Harraz Maged M, Park Andrea, Abbott Duane, Zhou Weihong, Zhang Yulong, Engelhardt John F
Department of Anatomy & Cell Biology, The University of Iowa, Iowa City, Iowa 52242, USA.
Antioxid Redox Signal. 2007 Nov;9(11):1803-13. doi: 10.1089/ars.2007.1579.
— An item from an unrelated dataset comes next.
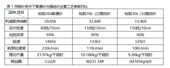 强捻纱与普通纱工艺设计的区别主要在细纱工序。由于捻度大、捻缩大,考虑到加捻效率和保证开车生活稳定,在捻度、锭速、前罗拉速度、机械牵伸倍数的设计以及钢丝圈的选择上均有较大的变化(见表 1)。

Rac-dependent NADPH oxidases generate reactive oxygen species used in cell signaling and microbial killing or both. Whereas the mechanisms leading to NADPH oxidase activation are fairly well studied, the mechanisms that control downregulation of this enzyme complex remain unclear. We hypothesized that reactive oxygen species produced by NADPH oxidase may autoregulate the complex by inhibiting Rac activity. To this end, we searched for binding partners of Rac1 and identified a tyrosine-phosphorylated fragment of MKK6 that bound to Rac1 under redox-stress conditions. Constitutively active MKK6 interacted directly with Rac1 in vitro, and this interaction was enhanced when MKK6 was phosphorylated on tyrosine 219. Both Rac1 and Rac2 immunoprecipitated an MKK6 fragment under conditions that elevate cellular peroxide levels in 293 and RAW cells, respectively. Constitutively active and wild-type MKK6 enhanced Rac-GTPase activity in vitro, and their overexpression inhibited PMA-induced NADPH oxidase activation in RAW cells. In contrast, a Y219F mutant of MKK6 only partially enhanced Rac1 GTPase activity, and its overexpression did not alter PMA-induced NADPH oxidase activation in RAW cells. Last, MKK6 deficiency led to an increase in Rac1-GTP levels in brain tissue. Our findings suggest that MKK6 downregulates NADPH oxidase activity by enhancing Rac-GTPase activity.
Rac 依赖性 NADPH 氧化酶产生活性氧,用于细胞信号传导和杀灭微生物,或两者兼而有之。虽然导致 NADPH 氧化酶激活的机制已得到相当充分的研究,但控制该酶复合物下调的机制仍不清楚。我们推测,NADPH 氧化酶产生的活性氧可能通过抑制 Rac 活性对该复合物进行自动调节。为此,我们寻找了 Rac1 的结合伙伴,并鉴定出一个在氧化还原应激条件下与 Rac1 结合的 MKK6 酪氨酸磷酸化片段。组成型活性 MKK6 在体外直接与 Rac1 相互作用,当 MKK6 的酪氨酸 219 位点被磷酸化时,这种相互作用增强。在分别提高 293 细胞和 RAW 细胞中细胞过氧化物水平的条件下,Rac1 和 Rac2 均免疫沉淀出一个 MKK6 片段。组成型活性和野生型 MKK6 在体外增强了 Rac 鸟苷三磷酸酶活性,它们的过表达抑制了 RAW 细胞中佛波酯(PMA)诱导的 NADPH 氧化酶激活。相比之下,MKK6 的 Y219F 突变体仅部分增强了 Rac1 鸟苷三磷酸酶活性,其过表达并未改变 RAW 细胞中 PMA 诱导的 NADPH氧化酶激活。最后,MKK6 缺陷导致脑组织中 Rac1 - GTP 水平升高。我们的研究结果表明,MKK6 通过增强 Rac 鸟苷三磷酸酶活性下调 NADPH 氧化酶活性。